President Obama’s $3.9 trillion budget that would start Oct. 1 focuses on increasing taxes for upper-income Americans as well as oil and gas companies. The plan also focuses on increased spending for education, infrastructure and research as well as expanding the Earned Income Tax Credit. The end goal is to increase employment and economic growth; however, the ambitious plans stopped short of Obama’s expectations.
The Republicans on Capitol Hill have disapproved of Obama’s plan from the start, as they want to avoid political compromises in the event that they take control of the Senate in November. Despite political differences, the Republicans did find a common ground to agree upon. A group of Republicans have started focusing their energies on ways to strengthen antipoverty programs that are already intact. Republican David Camp of Michigan has taken the initiative by proposing a tax alteration to pay for transportation projects.
Despite their common ground, Republicans are concerned that the White House is shifting away from reducing the massive deficits at hand.
“After years of fiscal and economic mismanagement, the president has offered perhaps his most irresponsible budget yet,” House Speaker John Boehner said in statement. “American families looking for jobs and opportunity will find only more government in this plan.”
Obama’s spending plans are constrained through a two-year deal, which was formulated in December between House Budget Chairman Paul Ryan and Senate Budget Chairman Patty Murray. The agreement arose after the governmental shut down, as lawmakers wanted to avoid another altercation over the debt ceiling.
As previously mentioned, President Obama plans on raising $1 trillion in new taxes over the next decade. The vast majority of the revenue will be a direct outcome of higher taxes on estates and upper-income residents. Obama has enacted a “Buffet Rule,” commonly known as a “Fair Share Tax,” which inhibits certain earners from lowering their tax rate below a set level.
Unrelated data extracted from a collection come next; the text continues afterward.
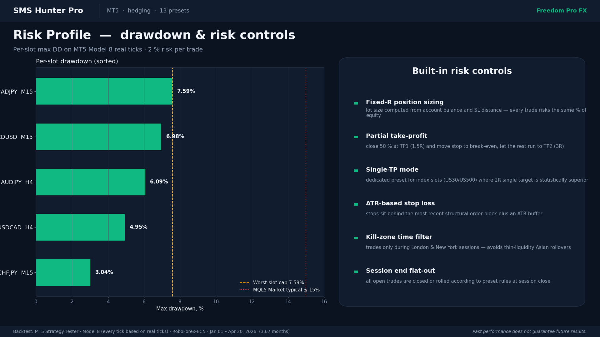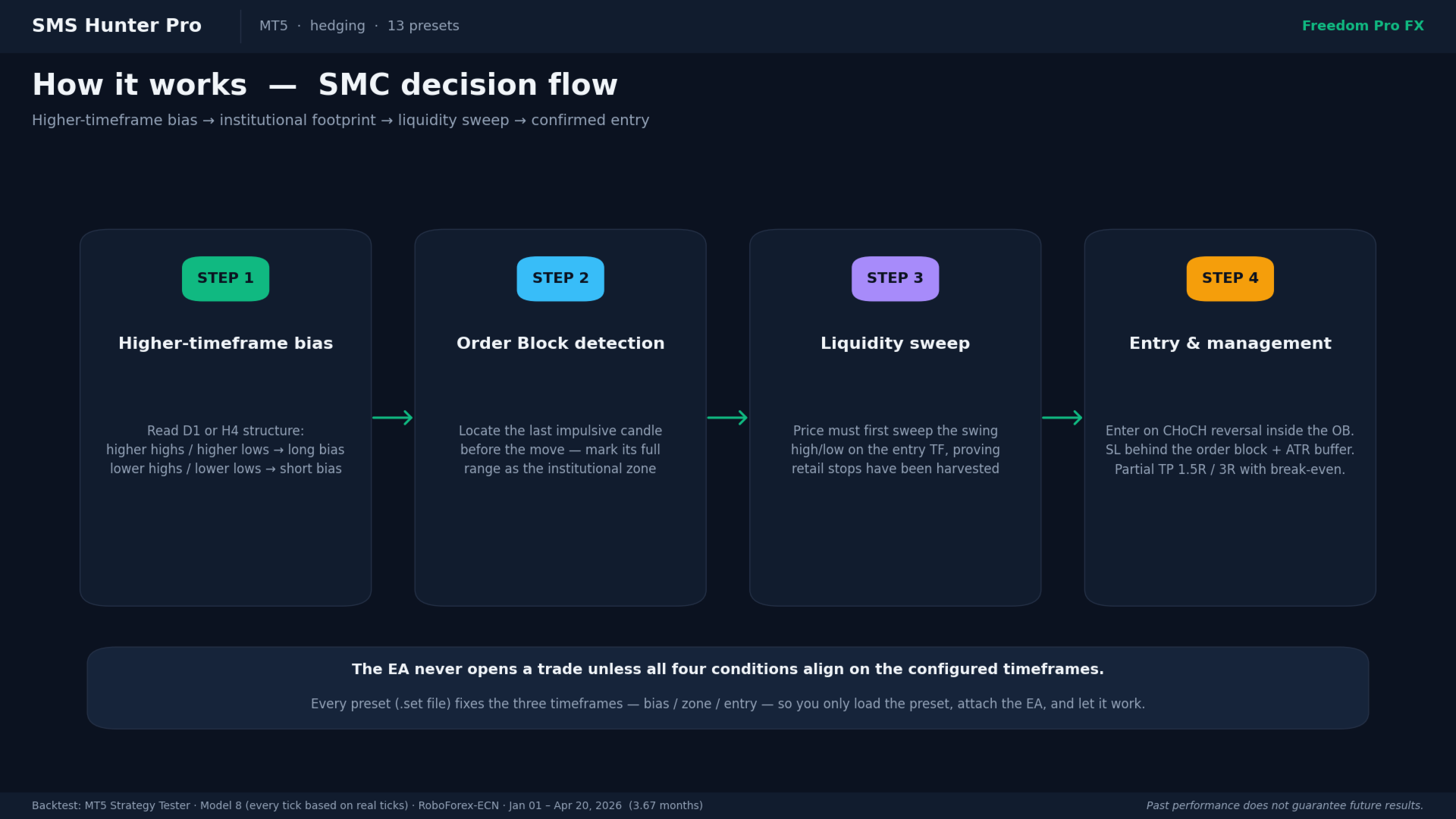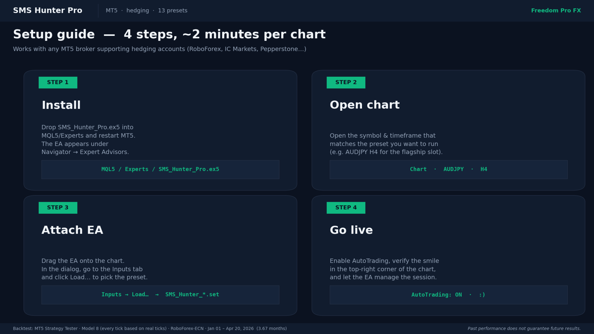 Developed by the current analytical team. SMS Hunter Pro was created by the Freedom Pro FX team — authors of the upcoming QuantView analytics platform. We trade these algorithms ourselves.
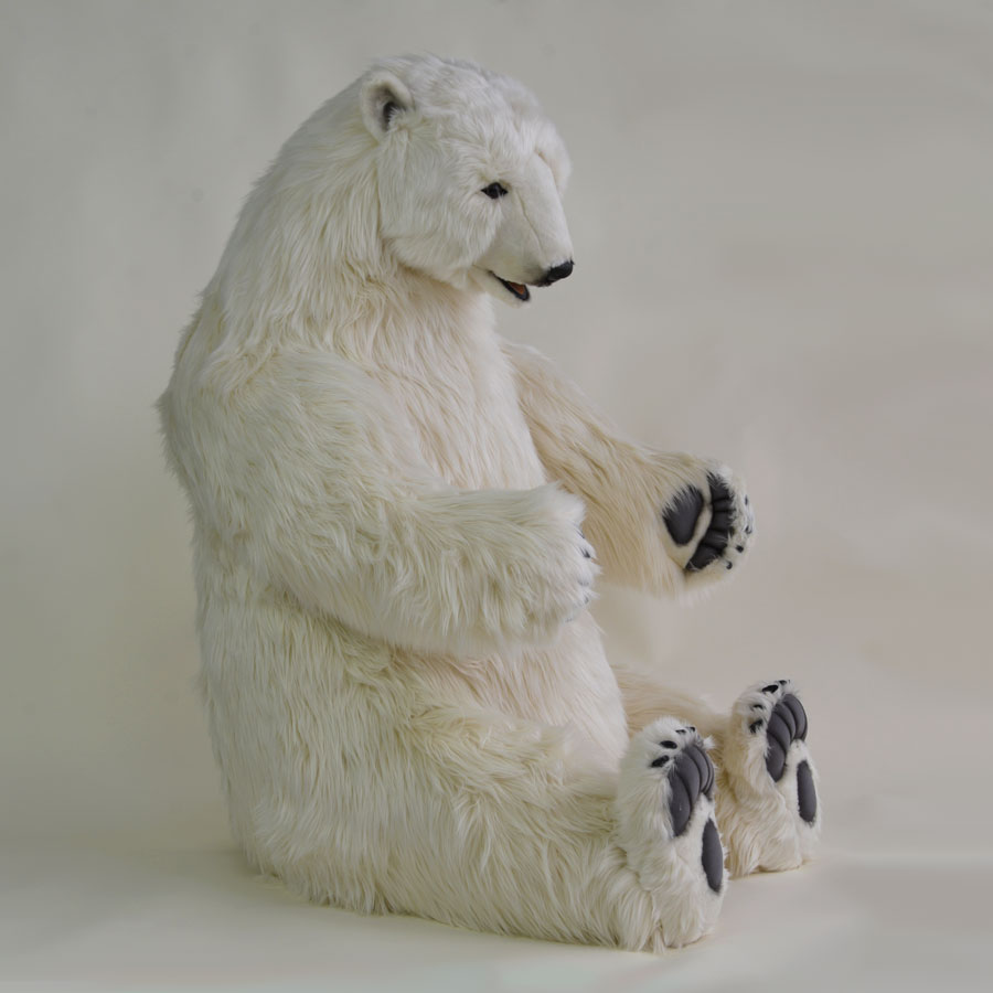 With a lengthy hand-cut fur coat and the sweet yet lifelike face that's unmistakably Hansa, this sitting Hansa Polar Bear brings an extra special finishing touch to your holiday display. As with all animals from Hansa's Portraits in Nature collection, this plush polar bear is hand-stitched, hand-painted and hand-detailed for an heirloom-quality plush. This Polar Bear features an interior structure that allows for some repositioning of his head and legs.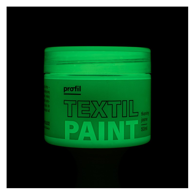 Farba Textil Paint (seria biała) – do tkanin jasnych marki Profil. Słoiczek o pojemności 50 ml. Do bawełny, lnu i jeansu. Farba świecąca w ciemności. Więcej szczegółów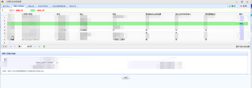 4.按照规定,代理机构专职从业人员应不少于 5 名。此处的“专职从业人员”,指与代理机构签订正式劳动合同、由代理机构依法缴纳社会保险费的人员,不包含财务、行政等非业务岗位人员,也不包含退休、外聘、兼职人员。请代理机构核对专职人员参保人数与备案人数,确保符合要求。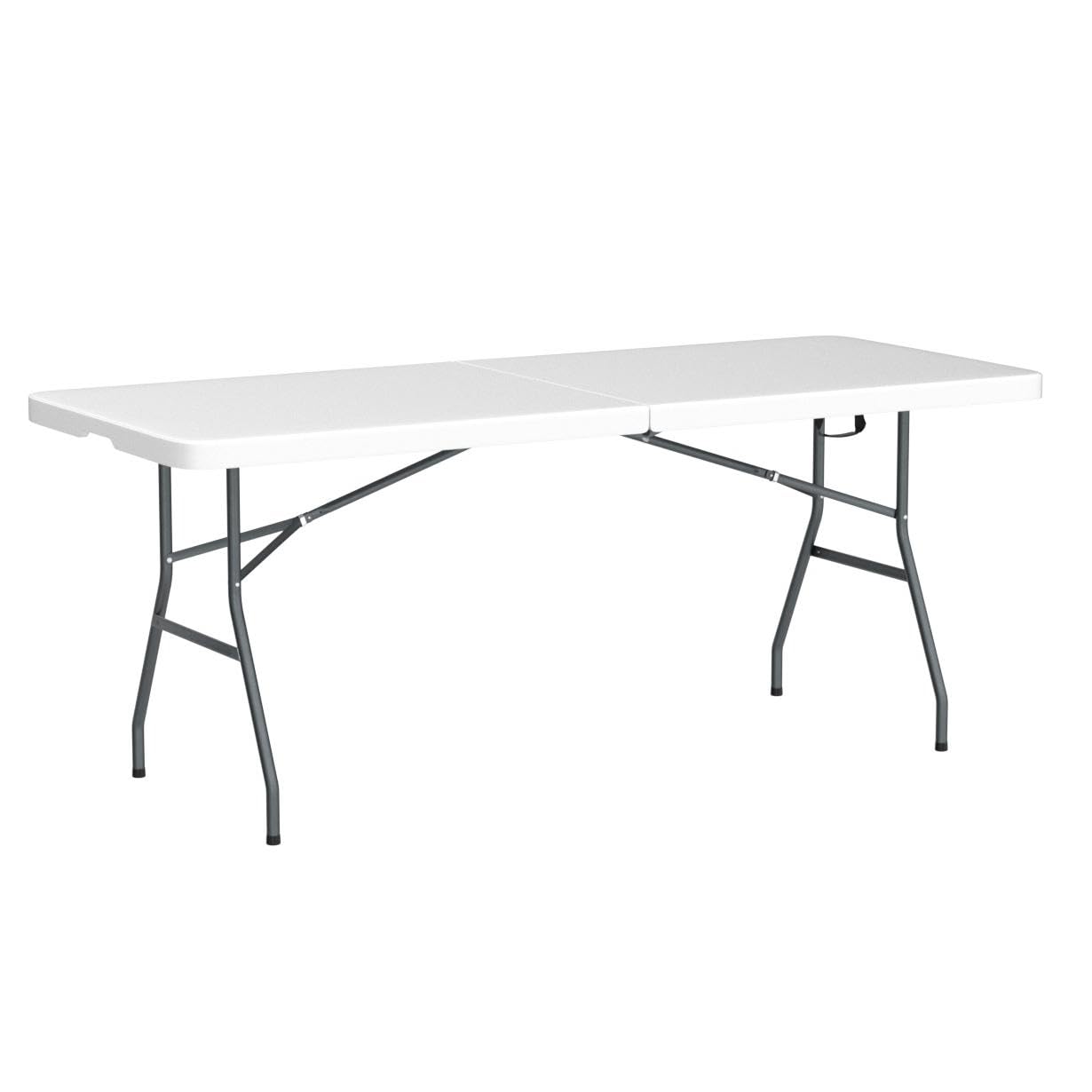 - Easy Set Up & Sleek Design - No assembly required. Designed in a simple structure, this fold-in-half camping table is easy to set up, saving you much time and effort. What’s more, the white minimalist design makes this centerfold table perfectly blend in with any scene. In addition, the stain-resistant and waterproof tabletop makes cleaning a breeze.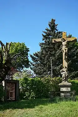 Das 500 cm hohe Wegkreuz besteht aus gelbem Sandstein und entstand im Jahr 1730.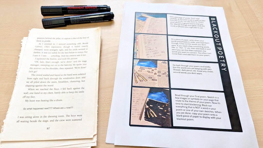 Meanwhile, at our activity station, students have the opportunity to engage in a wide variety of creative projects, including some wonderful worksheets by National Poetry Day UK and a dedicated blackout poetry workshop. Armed with markers, they transform pages from old books into new poems, discovering hidden meanings within the text. It’s a fun and creative exercise that encourages close reading and critical thinking. The results are often breathtaking.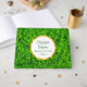 Um livro de convidados de casamento com uma design irlandesa de primavera - com um design de primavera fresco com um campo de trevo verde esbusto com pequenas gotas de água. Personalize com seus nomes e data de casamento no centro de um quadro branco com uma borda de papel dourado FAUX.

The White House is projecting a 35 percent increase in corporate tax revenues next year, which will raise revenues to $449 billion. It plans on doing this through lowering rates and eliminating deductions, which will combine with economic growth to create the increase desired. The budget is altering programs such as Medicare and Social Security in the hopes of reaching the spending goals. Each of these programs has roughly 50 million beneficiaries, despite remaining unpopular in the political arena. Together they are expected to represent 36 percent of total federal spending in 2015. In addition, the White House created the “Opportunity, Growth, and Security Initiative,” which is separate from the budget. This initiative aims to boost military spending and research funding for the National Institutes of Health.
The Republicans and Democrats are in constant turmoil over the future of our country. The main question that lies ahead is whether or not the changes will be beneficial. Republicans fear that the alterations will help in the short-term, but will fall short in the long run.